You've seen them before -- they have the sign which says "God Bless. Every little bit helps." There are more of them in my neighborhood every day. Today I saw one which perfectly captured the Bush Crash.
His sign said "Will work for Chocolate Chip Cookies."
Obviously, from looking at him, he hadn't been homeless long -- his face wasn't weathered enough, and his clothes were too clean. More than that, in my neck of the woods, there haven't been visible beggars in years; the trickle down from MSFT has been too rich. But now, even the might Mister Softie is laying people off, and, where it isn't doing that, it's cutting back on contractor hirings, and generally tightening its belt. Things aren't too bad for most blue badges, at least among the SDE's, but the pain is definitely spreading through the rest of the community.
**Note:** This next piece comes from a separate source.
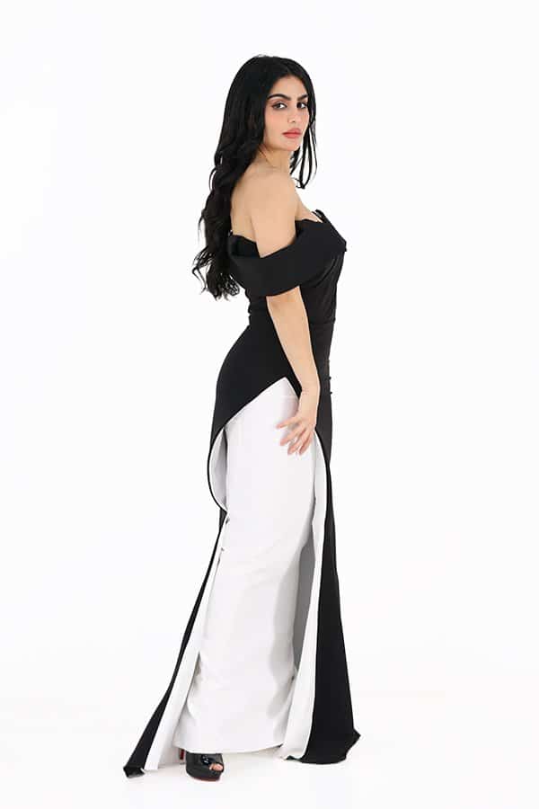 فستان سهره بأكمام اوف شولدر بالون ابيض اناقة وجمال في اللبس استمتعي الحين بالجمال والرقي استمتعي بالجمال والرقي مع هذا الفستان الرائع. تأكدي من الاستمرار في البحث عن المصمم الحديث الذي يلبي احتياجاتك وتفضيلاتك للحصول على أجمل تصميمات الفساتين الراقية. يتم صنع الفستان من خامة السكوبا الناعمة، وهي خامة فاخرة وناعمة تمنح الفستان مظهرًا راقيًا وجميلًا. تتميز هذه الخامة بقدرتها على التألق والتغلغل بشكل جميل على الجسم، يتميز الفستان بأكمام أوف شولدر، وهي أكمام تكشف عن منطقة الكتف بشكل جذاب ومثير. يعتبر هذه التفصيل مميز يضفي لمسة من الجاذبية والأنوثة على الفستان.

Chocolate chip cookie guy is a new sign of those hard times.
This diary is about a dirtier measure of how rocky these times are, though. Follow me over the jump for more...
Me, I left Microsoft back in 2006, and went to work for somebody else. As a result, the family and I have been able to do some improvements in the yard this summer, specifically by building a few new retaining walls. If you've never done it, building a retaining wall is mechanically difficult, but theoretically easy -- you take a set of heavy objects, and stack them up, typically canting slightly backwards, and you put a lot of weight behind them so they don't fall over.
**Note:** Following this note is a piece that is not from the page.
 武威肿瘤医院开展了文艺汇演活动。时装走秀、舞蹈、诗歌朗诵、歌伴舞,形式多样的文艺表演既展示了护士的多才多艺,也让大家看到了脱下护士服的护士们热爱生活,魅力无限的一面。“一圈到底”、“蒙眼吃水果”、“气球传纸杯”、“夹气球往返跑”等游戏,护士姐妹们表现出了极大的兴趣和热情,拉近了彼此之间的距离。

Cheap and lazy builders just backfill with sand. It's easy to move around, and you can fill any visible cracks with it, which makes hiding flaws easy. Better builders backfill with tumbled stone, and then cover the gravel with a several inch thick layer of topsoil. You get better drainage, more foundational stability, and less settling behind the wall; all good things. That's the way we do them.
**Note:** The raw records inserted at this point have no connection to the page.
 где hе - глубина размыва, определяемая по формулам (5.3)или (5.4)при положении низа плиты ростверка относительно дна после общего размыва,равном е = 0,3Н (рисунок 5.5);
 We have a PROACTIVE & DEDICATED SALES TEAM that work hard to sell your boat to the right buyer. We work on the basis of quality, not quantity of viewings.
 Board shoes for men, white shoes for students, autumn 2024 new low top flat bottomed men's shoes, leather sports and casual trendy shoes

So several months ago, the family project manager -- that'd be my spouse -- called up a local stone and cement company (Cadman, if you're interested), and ordered two tons of tumbled stone. That's the smallest order they'll accept, and it's a tiny, retail batch to them. It was delivered first thing the next day...in a truck driven by the dispatcher herself. To say I was surprised understates the case -- Cadman's a huge operation, and they are typically quite busy. Frankly, our order should have been a bit of an imposition.
Then we ordered the blocks we used for the wall itself from a local home improvement store (Lowe's). Those came as a solo delivery, twelve hours after we ordered them. We were the first delivery of the morning (8am, sharp)...and the truck left our place to go back to the store.
Then we built the walls. They're quite pretty, in my opinion, and I'm sure the fact that I assembled them by hand has nothing to do with my judgment. And finally, this morning, my spouse ordered the topsoil, from yet another supplier, Northwest Topsoil.
It was delivered three hours later.
So we got surprisingly good customer service. "What are you complaining about?", you ask. Here's the deal. In normal times, these places are busy. It's a horrible sign for the local building trades that they're not. My dirty story about the current rocky times shows that even here, in a very prosperous part of the nation, the recession is still biting deep into people's pocketbooks and wallets.